HR warned over increasing personal prosecution

by Chloe Taylor01 Jul 2015
Last week, the Federal Circuit Court handed down a decision which held that an HR manager could have a penalty imposed on her, after she breached National Employment Standards (NES) during a process of dismissal.
The manager, who is employed by ACI Operations, gave the employee one month’s notice of termination as opposed to the five weeks he was entitled to.
It was found that the HR manager in question was “involved” in the company’s breach of the NES.

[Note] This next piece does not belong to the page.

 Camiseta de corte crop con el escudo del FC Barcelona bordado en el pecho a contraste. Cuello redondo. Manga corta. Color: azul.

“The HR manager failed to provide notice in accordance with National Employment Standards,” Deivina Peethamparam, director at People + Culture Strategies told HC. “The employee was entitled to five weeks’ notice, and the HR manager effectively gave four weeks’ notice.”
She added that the way the decision stands at the moment, the HR manager has been found to have contravened provisions of the Fair Work Act (FWA) in relation to paying notice under NES.

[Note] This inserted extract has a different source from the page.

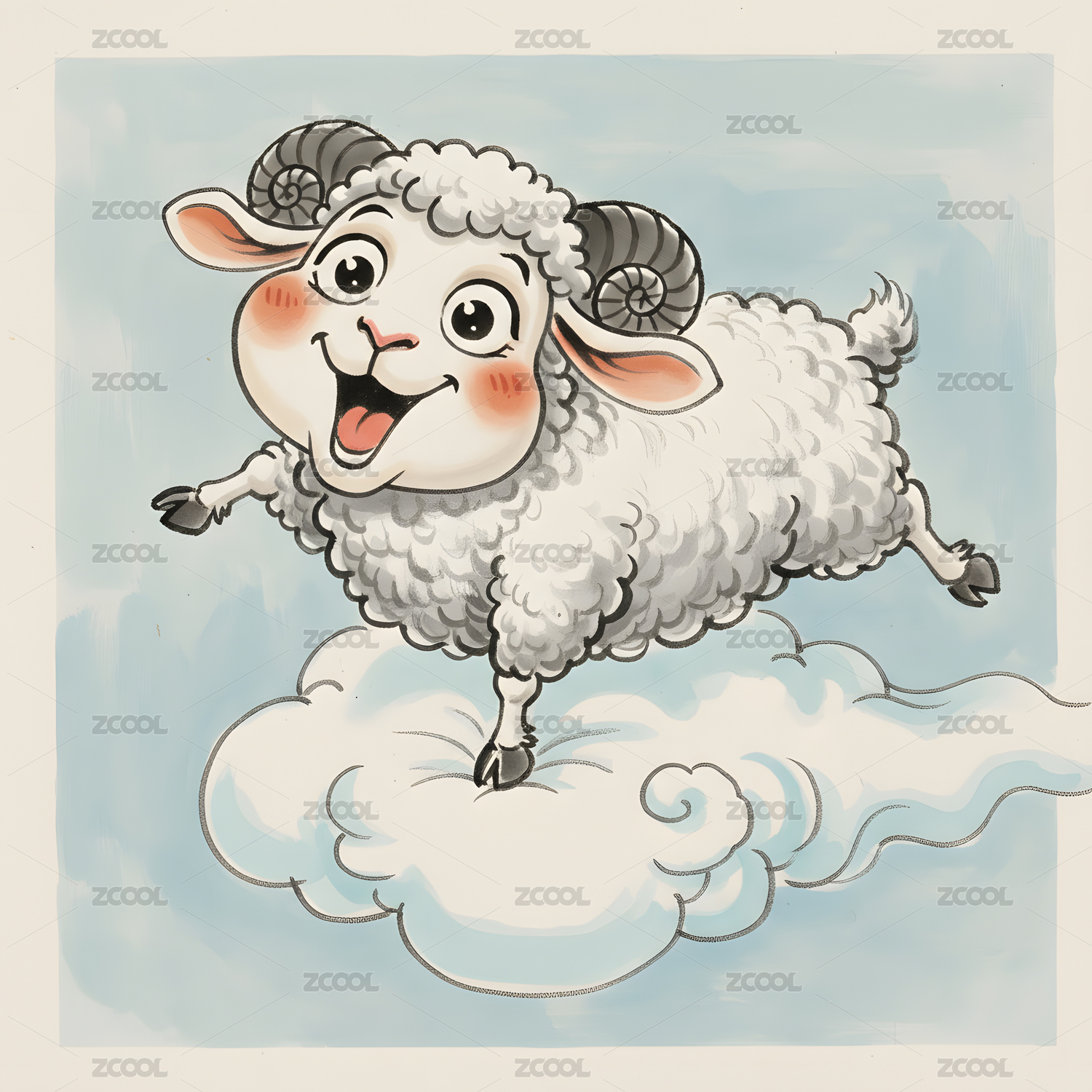 中国风,水墨,羊年,羊,动物,卡通,形象,生肖,家畜,平面

“It remains unclear what penalty will be implemented by the courts,” Peethamparam continued. “It’s quite a simple mistake – effectively all the court found was that the notice was a couple of days short.
“This is a really timely reminder that HR managers carry great responsibility in their roles to comply with the law – and courts are sending a clear message that if you fail to meet those responsibilities, you could face personal prosecution.”
Peethamparam advised HR managers to keep up to date with employment law and seek advice when necessary.
“You might have ticked all of the boxes, but running your actions by your legal counsel can give you peace of mind. No one intends on breaching the law, but courts expect HR to comply with legislation.”
She added that it’s not to say HR managers don’t know their obligations, but given that the FWA “allows for personal prosecution”, it’s a good idea to have decisions backed up by legal experts.
According to Peethamparam, the Fair Work Ombudsman sees personal prosecution as an important operation of the FWA, with a “number of cases” having a similar outcome.
“Given how high profile this case is, it might show that courts and regulators are becoming more active in this space,” she speculated.
The decision over whether a penalty will be imposed upon the HR manager will be determined at a later hearing.